> Instructions for the task:
Once the line containing "Il s'agit d'un livre" is found in the data below, repeat it and every later line exactly, leaving the pictures out.

> Source data:

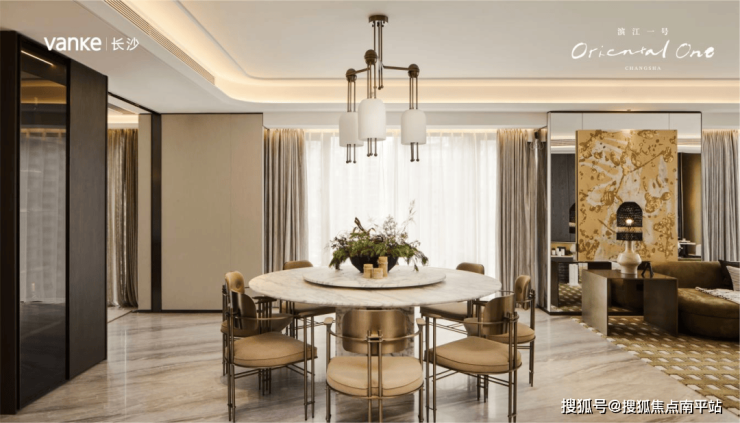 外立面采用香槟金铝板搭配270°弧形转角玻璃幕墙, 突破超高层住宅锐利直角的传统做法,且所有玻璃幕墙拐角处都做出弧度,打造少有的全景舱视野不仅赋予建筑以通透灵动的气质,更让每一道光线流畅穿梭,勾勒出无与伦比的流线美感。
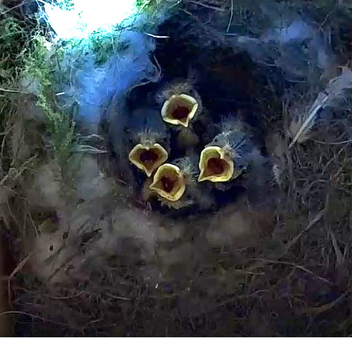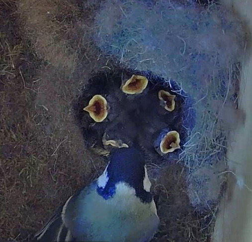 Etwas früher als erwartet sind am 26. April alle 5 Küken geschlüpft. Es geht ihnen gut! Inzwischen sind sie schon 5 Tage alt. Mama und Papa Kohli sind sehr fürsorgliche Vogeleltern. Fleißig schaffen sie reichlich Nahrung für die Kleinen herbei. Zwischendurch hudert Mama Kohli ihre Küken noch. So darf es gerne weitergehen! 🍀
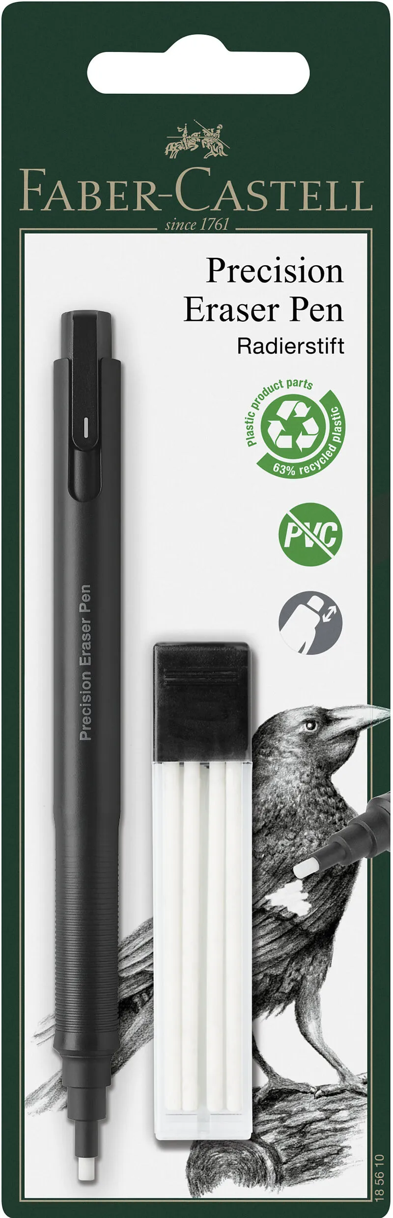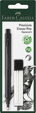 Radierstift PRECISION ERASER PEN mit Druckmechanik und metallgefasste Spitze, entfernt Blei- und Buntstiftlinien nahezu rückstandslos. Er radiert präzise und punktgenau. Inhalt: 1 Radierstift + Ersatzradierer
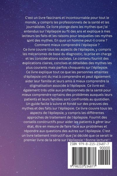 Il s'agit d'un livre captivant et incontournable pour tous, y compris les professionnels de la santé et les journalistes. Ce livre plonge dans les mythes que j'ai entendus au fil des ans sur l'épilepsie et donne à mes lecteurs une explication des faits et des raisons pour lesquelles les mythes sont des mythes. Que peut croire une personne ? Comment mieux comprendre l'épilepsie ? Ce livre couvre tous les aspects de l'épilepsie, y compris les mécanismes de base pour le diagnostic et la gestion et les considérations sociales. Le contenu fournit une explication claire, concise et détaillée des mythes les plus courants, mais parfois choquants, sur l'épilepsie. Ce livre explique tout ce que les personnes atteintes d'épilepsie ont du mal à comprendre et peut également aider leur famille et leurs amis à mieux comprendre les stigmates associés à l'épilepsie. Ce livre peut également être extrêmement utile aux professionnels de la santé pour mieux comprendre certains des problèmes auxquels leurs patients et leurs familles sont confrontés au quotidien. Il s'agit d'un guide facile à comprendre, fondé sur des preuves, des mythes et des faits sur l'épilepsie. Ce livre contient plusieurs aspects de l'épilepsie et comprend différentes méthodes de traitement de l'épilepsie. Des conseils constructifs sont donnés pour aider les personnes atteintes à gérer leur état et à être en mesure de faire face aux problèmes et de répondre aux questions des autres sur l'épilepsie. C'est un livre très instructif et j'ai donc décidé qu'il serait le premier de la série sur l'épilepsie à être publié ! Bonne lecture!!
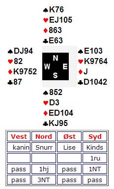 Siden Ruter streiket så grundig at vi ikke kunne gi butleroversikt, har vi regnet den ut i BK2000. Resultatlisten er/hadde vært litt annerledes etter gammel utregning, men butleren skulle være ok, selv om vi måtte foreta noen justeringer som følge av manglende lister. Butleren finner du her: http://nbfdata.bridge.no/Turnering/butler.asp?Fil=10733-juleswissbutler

> Response area:
 Il s'agit d'un livre captivant et incontournable pour tous, y compris les professionnels de la santé et les journalistes. Ce livre plonge dans les mythes que j'ai entendus au fil des ans sur l'épilepsie et donne à mes lecteurs une explication des faits et des raisons pour lesquelles les mythes sont des mythes. Que peut croire une personne ? Comment mieux comprendre l'épilepsie ? Ce livre couvre tous les aspects de l'épilepsie, y compris les mécanismes de base pour le diagnostic et la gestion et les considérations sociales. Le contenu fournit une explication claire, concise et détaillée des mythes les plus courants, mais parfois choquants, sur l'épilepsie. Ce livre explique tout ce que les personnes atteintes d'épilepsie ont du mal à comprendre et peut également aider leur famille et leurs amis à mieux comprendre les stigmates associés à l'épilepsie. Ce livre peut également être extrêmement utile aux professionnels de la santé pour mieux comprendre certains des problèmes auxquels leurs patients et leurs familles sont confrontés au quotidien. Il s'agit d'un guide facile à comprendre, fondé sur des preuves, des mythes et des faits sur l'épilepsie. Ce livre contient plusieurs aspects de l'épilepsie et comprend différentes méthodes de traitement de l'épilepsie. Des conseils constructifs sont donnés pour aider les personnes atteintes à gérer leur état et à être en mesure de faire face aux problèmes et de répondre aux questions des autres sur l'épilepsie. C'est un livre très instructif et j'ai donc décidé qu'il serait le premier de la série sur l'épilepsie à être publié ! Bonne lecture!!
 Siden Ruter streiket så grundig at vi ikke kunne gi butleroversikt, har vi regnet den ut i BK2000. Resultatlisten er/hadde vært litt annerledes etter gammel utregning, men butleren skulle være ok, selv om vi måtte foreta noen justeringer som følge av manglende lister. Butleren finner du her: http://nbfdata.bridge.no/Turnering/butler.asp?Fil=10733-juleswissbutler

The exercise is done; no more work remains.